▸ **YOUR ASSIGNMENT**
Among the entries below, which lines run from the line with "KAKELA&TRANQUIL カケラ&トランクイル スカート" through the line with "进入职位搜索,看到所在地点还"? Retype those, both ends included, exactly and without pictures.

▸ **DATA FOR REVIEW**
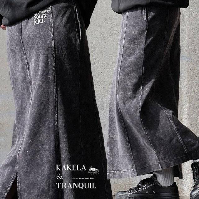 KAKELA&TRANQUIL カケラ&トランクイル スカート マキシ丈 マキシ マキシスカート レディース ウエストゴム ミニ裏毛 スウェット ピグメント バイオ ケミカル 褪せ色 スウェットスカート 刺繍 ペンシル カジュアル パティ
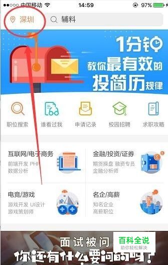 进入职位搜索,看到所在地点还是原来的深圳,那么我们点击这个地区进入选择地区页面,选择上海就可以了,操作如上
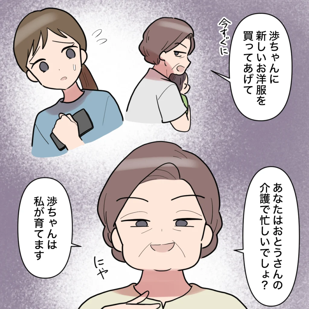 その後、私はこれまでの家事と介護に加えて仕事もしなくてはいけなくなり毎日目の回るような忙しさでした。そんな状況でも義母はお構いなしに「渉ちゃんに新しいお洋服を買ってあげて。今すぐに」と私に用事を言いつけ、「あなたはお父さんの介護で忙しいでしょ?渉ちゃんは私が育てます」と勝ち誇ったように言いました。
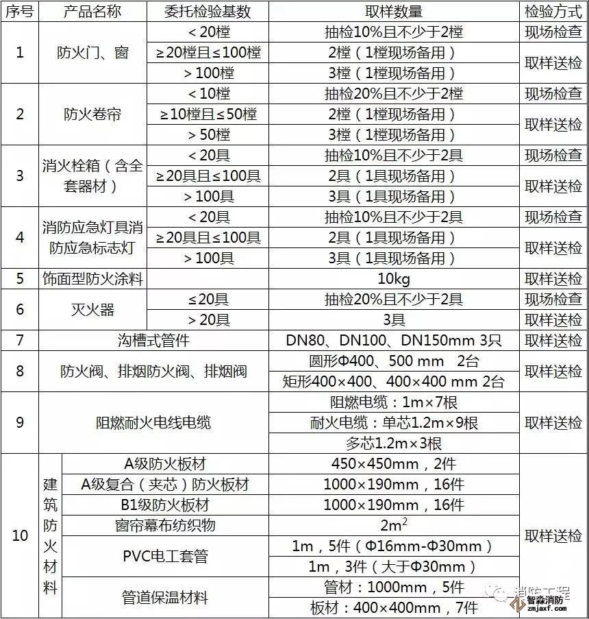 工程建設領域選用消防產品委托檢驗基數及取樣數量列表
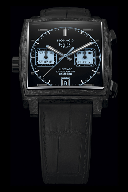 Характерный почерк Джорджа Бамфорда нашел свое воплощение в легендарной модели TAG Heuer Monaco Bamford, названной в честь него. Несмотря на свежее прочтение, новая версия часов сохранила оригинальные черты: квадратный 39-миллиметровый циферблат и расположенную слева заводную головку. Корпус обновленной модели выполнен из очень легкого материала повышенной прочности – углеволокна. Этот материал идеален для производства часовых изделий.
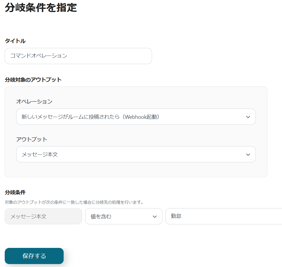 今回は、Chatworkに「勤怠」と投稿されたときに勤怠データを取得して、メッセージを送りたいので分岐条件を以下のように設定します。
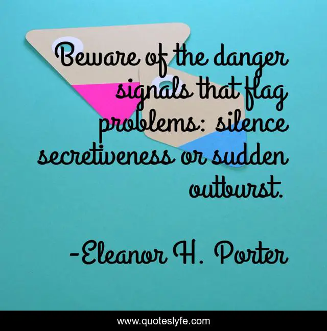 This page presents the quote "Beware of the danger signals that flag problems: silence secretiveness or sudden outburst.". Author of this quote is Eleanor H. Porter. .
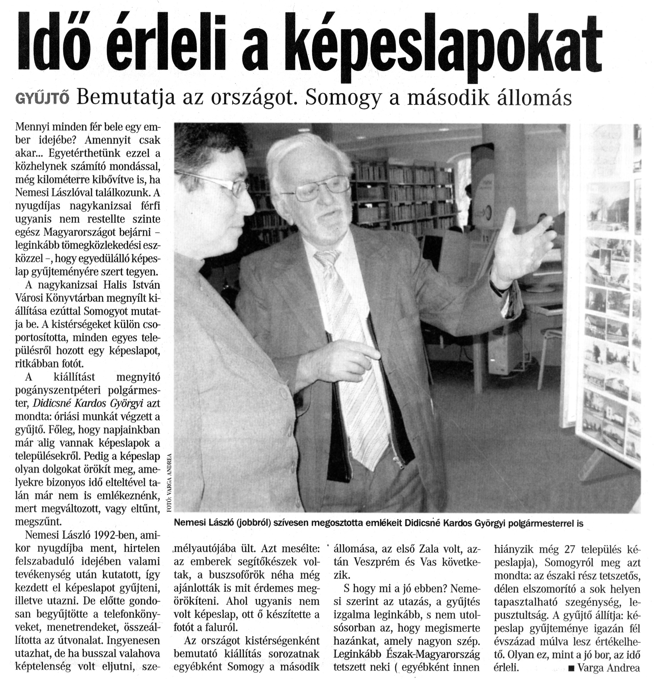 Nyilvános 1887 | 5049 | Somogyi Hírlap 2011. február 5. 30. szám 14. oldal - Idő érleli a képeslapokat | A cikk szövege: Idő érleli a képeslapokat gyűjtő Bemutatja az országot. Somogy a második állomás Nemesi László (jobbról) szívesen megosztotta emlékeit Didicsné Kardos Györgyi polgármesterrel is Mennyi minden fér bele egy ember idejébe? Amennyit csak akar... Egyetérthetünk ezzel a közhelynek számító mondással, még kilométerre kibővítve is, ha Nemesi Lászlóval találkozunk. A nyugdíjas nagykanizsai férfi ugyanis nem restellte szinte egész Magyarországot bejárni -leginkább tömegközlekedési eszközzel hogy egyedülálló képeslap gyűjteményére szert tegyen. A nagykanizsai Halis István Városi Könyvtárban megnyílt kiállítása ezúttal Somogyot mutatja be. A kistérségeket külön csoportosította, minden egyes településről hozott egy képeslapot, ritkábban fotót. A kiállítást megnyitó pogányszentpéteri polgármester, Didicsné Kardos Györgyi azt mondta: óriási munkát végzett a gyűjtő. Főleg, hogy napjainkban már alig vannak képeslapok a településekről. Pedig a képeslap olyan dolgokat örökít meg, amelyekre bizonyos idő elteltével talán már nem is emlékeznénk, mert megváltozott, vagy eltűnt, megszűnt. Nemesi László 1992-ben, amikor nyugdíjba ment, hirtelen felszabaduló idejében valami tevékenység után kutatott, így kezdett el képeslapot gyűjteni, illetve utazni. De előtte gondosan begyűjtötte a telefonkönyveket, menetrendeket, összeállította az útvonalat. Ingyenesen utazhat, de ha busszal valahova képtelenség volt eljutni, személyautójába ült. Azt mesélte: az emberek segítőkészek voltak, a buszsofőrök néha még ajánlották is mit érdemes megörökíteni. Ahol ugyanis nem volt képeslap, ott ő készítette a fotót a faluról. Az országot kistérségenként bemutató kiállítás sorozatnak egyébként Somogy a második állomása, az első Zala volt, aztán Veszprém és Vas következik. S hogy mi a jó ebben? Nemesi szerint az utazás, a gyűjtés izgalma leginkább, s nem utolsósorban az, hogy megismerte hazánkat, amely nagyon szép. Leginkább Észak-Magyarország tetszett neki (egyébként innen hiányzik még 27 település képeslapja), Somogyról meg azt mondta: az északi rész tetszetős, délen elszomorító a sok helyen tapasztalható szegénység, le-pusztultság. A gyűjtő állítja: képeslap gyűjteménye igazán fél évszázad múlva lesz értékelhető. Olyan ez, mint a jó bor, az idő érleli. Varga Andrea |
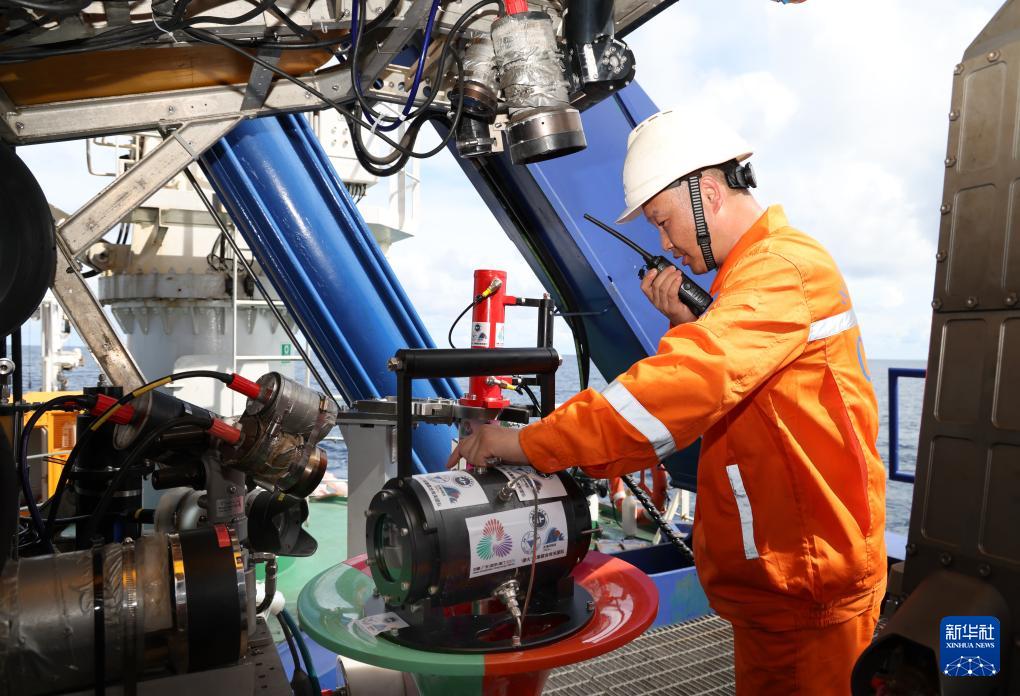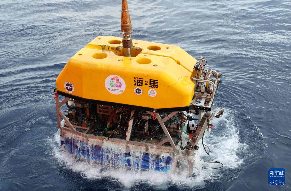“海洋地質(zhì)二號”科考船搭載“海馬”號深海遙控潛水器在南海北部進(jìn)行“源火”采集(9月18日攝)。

==

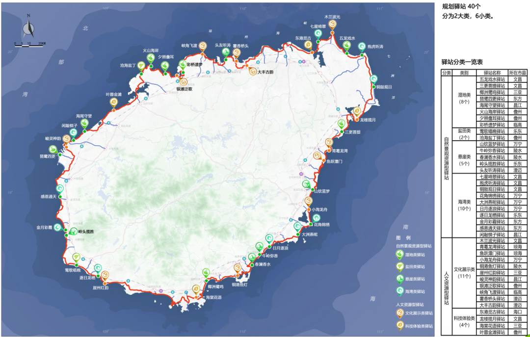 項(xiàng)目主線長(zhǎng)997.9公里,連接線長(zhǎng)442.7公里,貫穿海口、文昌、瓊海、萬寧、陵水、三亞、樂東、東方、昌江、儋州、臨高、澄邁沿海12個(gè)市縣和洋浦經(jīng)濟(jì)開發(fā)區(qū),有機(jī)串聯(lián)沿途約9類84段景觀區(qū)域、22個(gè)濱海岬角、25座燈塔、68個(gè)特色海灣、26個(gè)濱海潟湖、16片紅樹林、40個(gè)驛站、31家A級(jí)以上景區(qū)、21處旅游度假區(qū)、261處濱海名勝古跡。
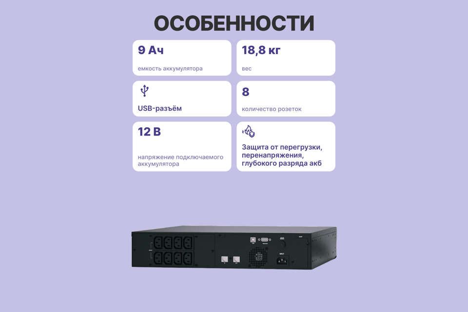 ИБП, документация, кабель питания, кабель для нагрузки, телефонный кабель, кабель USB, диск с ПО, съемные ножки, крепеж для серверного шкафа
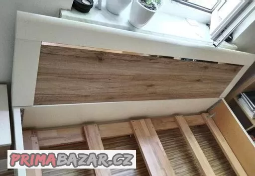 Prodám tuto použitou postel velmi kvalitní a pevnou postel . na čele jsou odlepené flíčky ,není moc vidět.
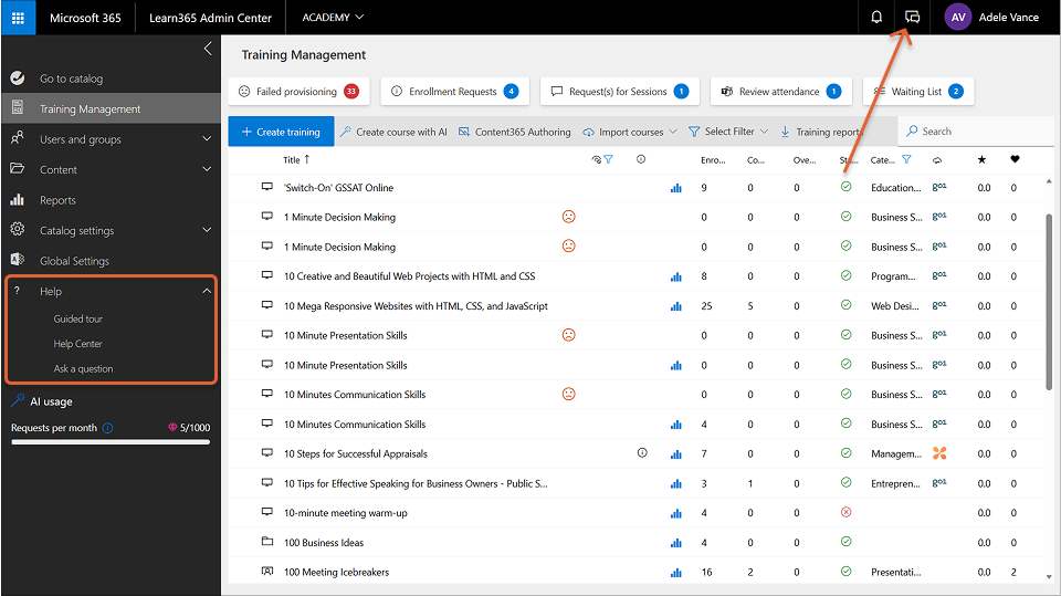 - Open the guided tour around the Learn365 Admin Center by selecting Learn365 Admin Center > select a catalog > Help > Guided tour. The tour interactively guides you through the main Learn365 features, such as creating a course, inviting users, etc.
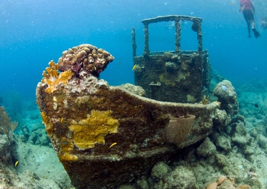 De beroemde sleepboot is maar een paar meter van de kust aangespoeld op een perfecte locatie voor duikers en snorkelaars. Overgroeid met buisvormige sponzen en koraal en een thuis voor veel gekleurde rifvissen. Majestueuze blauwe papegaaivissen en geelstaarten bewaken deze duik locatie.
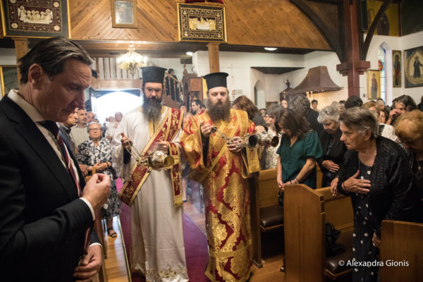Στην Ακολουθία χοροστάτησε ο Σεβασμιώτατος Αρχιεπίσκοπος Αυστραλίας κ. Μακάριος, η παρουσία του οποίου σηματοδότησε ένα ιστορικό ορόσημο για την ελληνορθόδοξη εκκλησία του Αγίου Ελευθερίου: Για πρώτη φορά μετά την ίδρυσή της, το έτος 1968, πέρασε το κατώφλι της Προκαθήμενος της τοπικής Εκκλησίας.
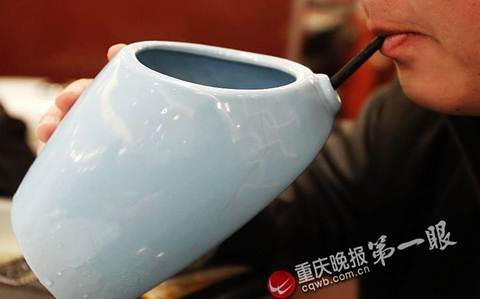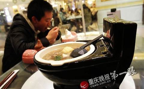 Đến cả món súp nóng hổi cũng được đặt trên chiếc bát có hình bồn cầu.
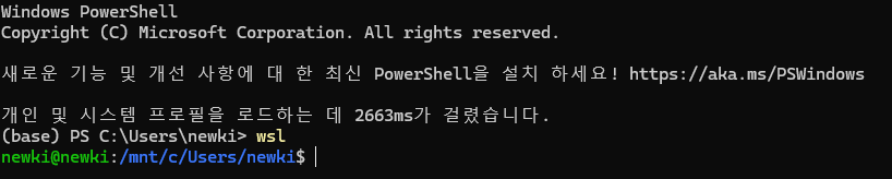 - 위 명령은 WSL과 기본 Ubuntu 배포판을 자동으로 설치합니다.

▸ **YOUR RESPONSE**
 KAKELA&TRANQUIL カケラ&トランクイル スカート マキシ丈 マキシ マキシスカート レディース ウエストゴム ミニ裏毛 スウェット ピグメント バイオ ケミカル 褪せ色 スウェットスカート 刺繍 ペンシル カジュアル パティ
 进入职位搜索,看到所在地点还是原来的深圳,那么我们点击这个地区进入选择地区页面,选择上海就可以了,操作如上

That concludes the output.